It's already been cut from 100 years to 25 years. Now, the timescale for cleaning up and knocking down Dounreay has been accelerated to just 90 seconds in a new video showing how the site will look when decommissioning is complete.

The animated flyover shows how the site will disappear over the coming years as more of the fast reactor experiment is cleaned out and demolished.

Demolition of the site's fuel fabrication plant earlier this month took the total to 100 facilities to have been cleared so far.

An intensive phase of work over the next decade or so will see major facilities such as reactor buildings and reprocessing plants also disappear from the skyline.

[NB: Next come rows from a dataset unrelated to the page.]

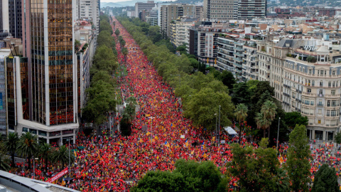 Un cop més, i en van set, l'11 de setembre, la Diada nacional de Catalunya, s'ha convertit en una enorme mobilització independentista. Tot i que fa alguns dies semblava que en aquesta ocasió el poder de convocatòria de l'ANC i Òmnium podria perdre força, la realitat ha superat les expectatives i centenars de milers de persones –un milió, segons la Guàrdia Urbana de Barcelona– han omplert la Diagonal. Durant uns minuts la principal avinguda de la capital s'ha transformat en una onada de color corall, gràcies a l'aclaparadora presència de les samarretes distribuïdes per l'ANC. La primera diada post referèndum de l'1 d'octubre, i també la primera amb presos i exiliats polítics i després de la fallida declaració d'independència, pretenia convertir-se en un clam a favor de la implementació de la República catalana, però en una jornada marcada per les absències ha estat precisament la reclamació de l'alliberament dels presos la que ha tingut més protagonisme.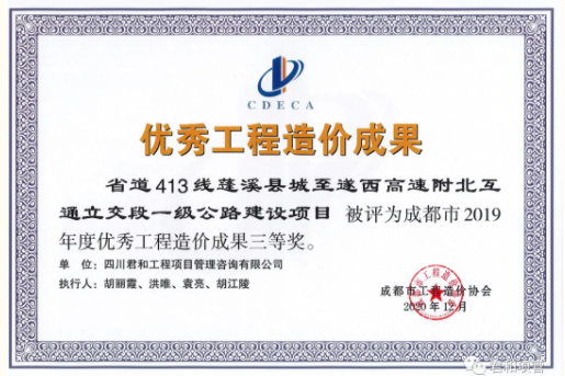 同时,由我司完成的省道413线蓬溪县城至遂西高速附北互通立交段一级公路建设项目和城东新区航向花园棚户区改造建设项目均荣获“招标控制价或工程量清单计价成果”奖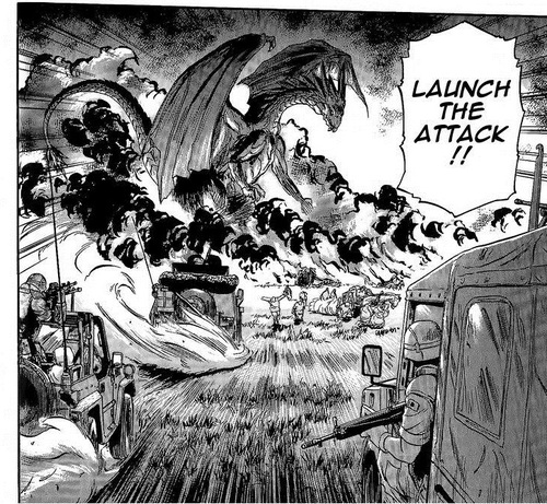 If you aren't allergic to weaboo **** , check out Gate Jietai Kare no Chi nite, Kaku Takeri, it's about a portal that opens in Japan and connects it to fantasy world. Then they proceed to shot at Roman empire style overlords and dragons and **** . That being said, it's gotta harem and typical weaboo stuff, so it might not be everyone's cup of tea, but you might like it. It's getting an adaptation next month too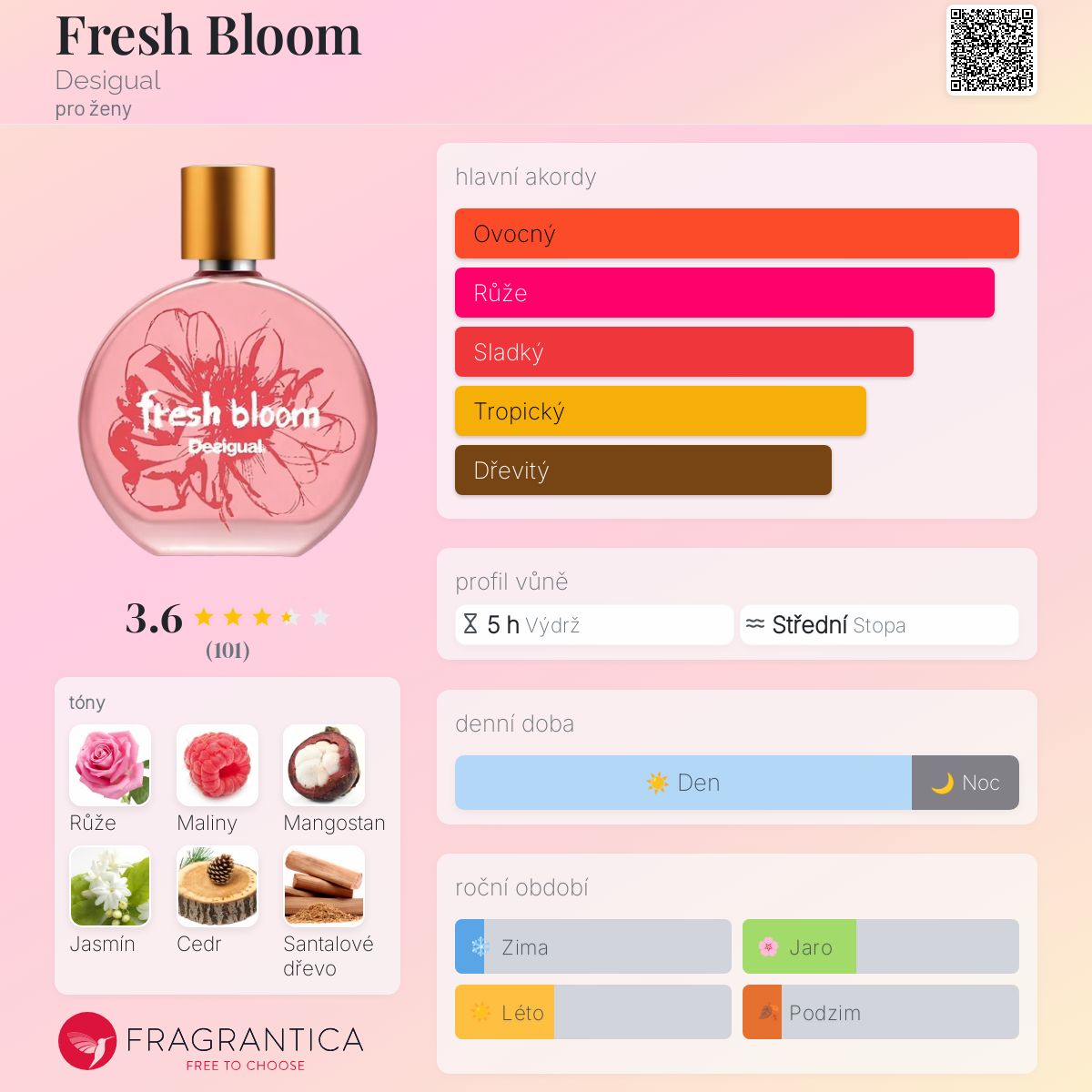 Fresh Bloom podle Desigual je Floral Fruity vůně pro ženy. Fresh Bloom byl/a uveden/a v roce 2017. Fresh Bloom byl/a vytvořen/a Violaine Collas a Veronique Nyberg. Vrchní tóny jsou Maliny a Mangostan; střední tóny jsouRůže májová a Jasmín Sambac ; základní tóny jsou Cedr a Santalové dřevo.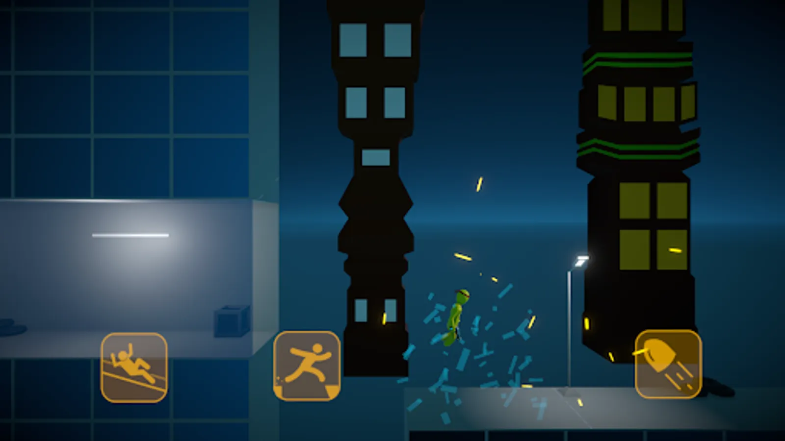 Enjoy this action runner shooting game in 3D with some parkour style. Challenges are waiting for you. Let the Ninja cross through the buildings and enjoy the thrilling experience. Jump through windows and slide under lasers to ultimately reach the end.
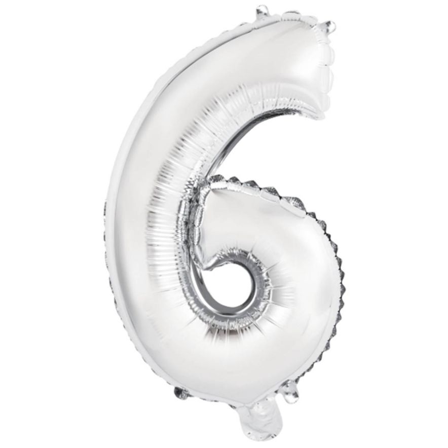 Folieballon nummer 6 i Sølv 75cm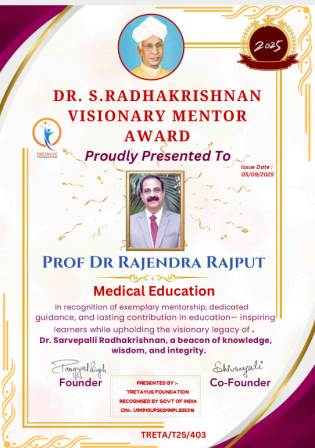 डॉ एस राधाकृष्णन विजनरी मेंटर अवार्ड 2025 से सम्मानित हुए प्रो राजेन्द्र राजपूत

By the time the clean-up is complete, all that is likely to remain in place are secure stores for up to 15,000 cubic metres of intermediate-level waste and fuels from the clean-up programme.

Up to 175,000 cubic metres of low-level waste from the clean-up is earmarked for disposal in a series of adjacent vaults currently the subject of a planning application.

A final decision has yet to be taken on whether to keep the contaminated 1950s sphere that housed the first of the site's three reactors.

The current programme agreed with the Nuclear Decommissioning Authority, which owns Dounreay, is for the clean-up to be complete by 2032.

Site contractor UKAEA, supported by its business partners AMEC and CH2MHILL, is bringing forward proposals to accelerate this timescale further,

Site programme manager Alistair Macdonald of UKAEA said: "There are overwhelming safety, security and environmental reasons for decommissioning Dounreay as quickly as it is safe to do so.

"We've shown several times already that we can complete the clean-up on an earlier timescale and we're confident we can improve our planning estimates even further to bring in the completion date from its current position in 2032.

"I don't think we will ever reduce it to 90 seconds but the video does give the public a good impression of our focus on accelerating the clean-up and managing the wastes in a way that makes them safe and secure for future generations."